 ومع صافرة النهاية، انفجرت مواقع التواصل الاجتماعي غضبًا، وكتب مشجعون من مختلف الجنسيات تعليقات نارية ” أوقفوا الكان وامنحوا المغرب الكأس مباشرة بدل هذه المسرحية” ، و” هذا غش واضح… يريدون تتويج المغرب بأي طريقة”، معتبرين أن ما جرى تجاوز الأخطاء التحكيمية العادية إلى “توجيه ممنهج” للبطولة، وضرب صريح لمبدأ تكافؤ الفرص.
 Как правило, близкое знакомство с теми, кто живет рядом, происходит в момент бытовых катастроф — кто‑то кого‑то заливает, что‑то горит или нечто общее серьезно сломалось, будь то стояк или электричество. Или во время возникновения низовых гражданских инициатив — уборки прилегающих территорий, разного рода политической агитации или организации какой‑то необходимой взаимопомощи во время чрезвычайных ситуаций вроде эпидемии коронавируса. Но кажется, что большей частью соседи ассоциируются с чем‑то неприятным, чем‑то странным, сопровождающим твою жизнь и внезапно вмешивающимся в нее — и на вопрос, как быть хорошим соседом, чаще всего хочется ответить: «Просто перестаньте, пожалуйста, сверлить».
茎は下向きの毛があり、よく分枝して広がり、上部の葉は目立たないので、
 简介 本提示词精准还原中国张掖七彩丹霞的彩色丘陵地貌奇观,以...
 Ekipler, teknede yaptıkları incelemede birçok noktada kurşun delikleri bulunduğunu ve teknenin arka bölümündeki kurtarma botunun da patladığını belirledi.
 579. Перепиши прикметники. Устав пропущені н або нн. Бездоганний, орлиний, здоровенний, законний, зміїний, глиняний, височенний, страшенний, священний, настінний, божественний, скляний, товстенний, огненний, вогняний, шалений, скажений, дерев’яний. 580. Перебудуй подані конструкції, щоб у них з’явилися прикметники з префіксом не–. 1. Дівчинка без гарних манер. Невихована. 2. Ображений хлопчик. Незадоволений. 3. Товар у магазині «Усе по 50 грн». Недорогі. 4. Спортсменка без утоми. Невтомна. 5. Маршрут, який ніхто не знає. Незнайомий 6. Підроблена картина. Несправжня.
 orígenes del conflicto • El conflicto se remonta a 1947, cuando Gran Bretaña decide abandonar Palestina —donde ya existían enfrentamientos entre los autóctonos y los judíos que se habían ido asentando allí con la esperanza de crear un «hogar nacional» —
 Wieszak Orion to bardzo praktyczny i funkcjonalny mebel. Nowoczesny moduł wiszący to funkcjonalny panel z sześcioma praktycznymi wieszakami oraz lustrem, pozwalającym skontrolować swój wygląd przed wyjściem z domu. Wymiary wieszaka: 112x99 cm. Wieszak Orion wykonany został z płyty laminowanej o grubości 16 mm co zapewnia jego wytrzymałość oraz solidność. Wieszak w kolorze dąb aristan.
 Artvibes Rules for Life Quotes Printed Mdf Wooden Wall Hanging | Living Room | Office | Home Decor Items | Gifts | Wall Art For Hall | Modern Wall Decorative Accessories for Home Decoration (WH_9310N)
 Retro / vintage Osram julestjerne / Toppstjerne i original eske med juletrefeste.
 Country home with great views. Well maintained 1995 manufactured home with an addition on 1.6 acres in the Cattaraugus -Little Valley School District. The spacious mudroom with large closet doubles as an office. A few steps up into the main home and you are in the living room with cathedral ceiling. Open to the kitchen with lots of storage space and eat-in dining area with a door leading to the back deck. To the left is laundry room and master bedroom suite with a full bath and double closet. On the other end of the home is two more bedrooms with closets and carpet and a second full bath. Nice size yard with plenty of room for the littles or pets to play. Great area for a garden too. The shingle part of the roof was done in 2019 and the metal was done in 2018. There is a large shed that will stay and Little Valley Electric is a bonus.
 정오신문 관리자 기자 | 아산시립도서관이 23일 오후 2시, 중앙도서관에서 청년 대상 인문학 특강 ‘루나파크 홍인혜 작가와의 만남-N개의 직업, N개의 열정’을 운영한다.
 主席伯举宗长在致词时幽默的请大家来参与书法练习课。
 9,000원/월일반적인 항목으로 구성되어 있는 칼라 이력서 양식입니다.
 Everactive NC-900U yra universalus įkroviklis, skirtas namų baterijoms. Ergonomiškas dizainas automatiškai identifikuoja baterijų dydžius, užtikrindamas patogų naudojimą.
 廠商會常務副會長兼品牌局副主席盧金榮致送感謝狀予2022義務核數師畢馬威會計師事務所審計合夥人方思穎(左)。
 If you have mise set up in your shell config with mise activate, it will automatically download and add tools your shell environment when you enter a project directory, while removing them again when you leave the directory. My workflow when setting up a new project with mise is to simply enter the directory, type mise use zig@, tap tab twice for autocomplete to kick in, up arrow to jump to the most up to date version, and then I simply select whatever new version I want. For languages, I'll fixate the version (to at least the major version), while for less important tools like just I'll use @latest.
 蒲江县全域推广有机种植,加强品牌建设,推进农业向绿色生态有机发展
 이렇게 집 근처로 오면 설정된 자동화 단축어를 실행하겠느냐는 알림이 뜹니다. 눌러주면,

^^^^

**Task to complete**
Retype exactly the lines of the data above that fall between the line with "9,000원/월일반적인 항목으로 구성되어 있는 칼라 이력서 양식입니다." and the line with "蒲江县全域推广有机种植,加强品牌建设,推进农业向绿色生态有机发展", inclusive, and add nothing.

**Response area**
 9,000원/월일반적인 항목으로 구성되어 있는 칼라 이력서 양식입니다.
 Everactive NC-900U yra universalus įkroviklis, skirtas namų baterijoms. Ergonomiškas dizainas automatiškai identifikuoja baterijų dydžius, užtikrindamas patogų naudojimą.
 廠商會常務副會長兼品牌局副主席盧金榮致送感謝狀予2022義務核數師畢馬威會計師事務所審計合夥人方思穎(左)。
 If you have mise set up in your shell config with mise activate, it will automatically download and add tools your shell environment when you enter a project directory, while removing them again when you leave the directory. My workflow when setting up a new project with mise is to simply enter the directory, type mise use zig@, tap tab twice for autocomplete to kick in, up arrow to jump to the most up to date version, and then I simply select whatever new version I want. For languages, I'll fixate the version (to at least the major version), while for less important tools like just I'll use @latest.
 蒲江县全域推广有机种植,加强品牌建设,推进农业向绿色生态有机发展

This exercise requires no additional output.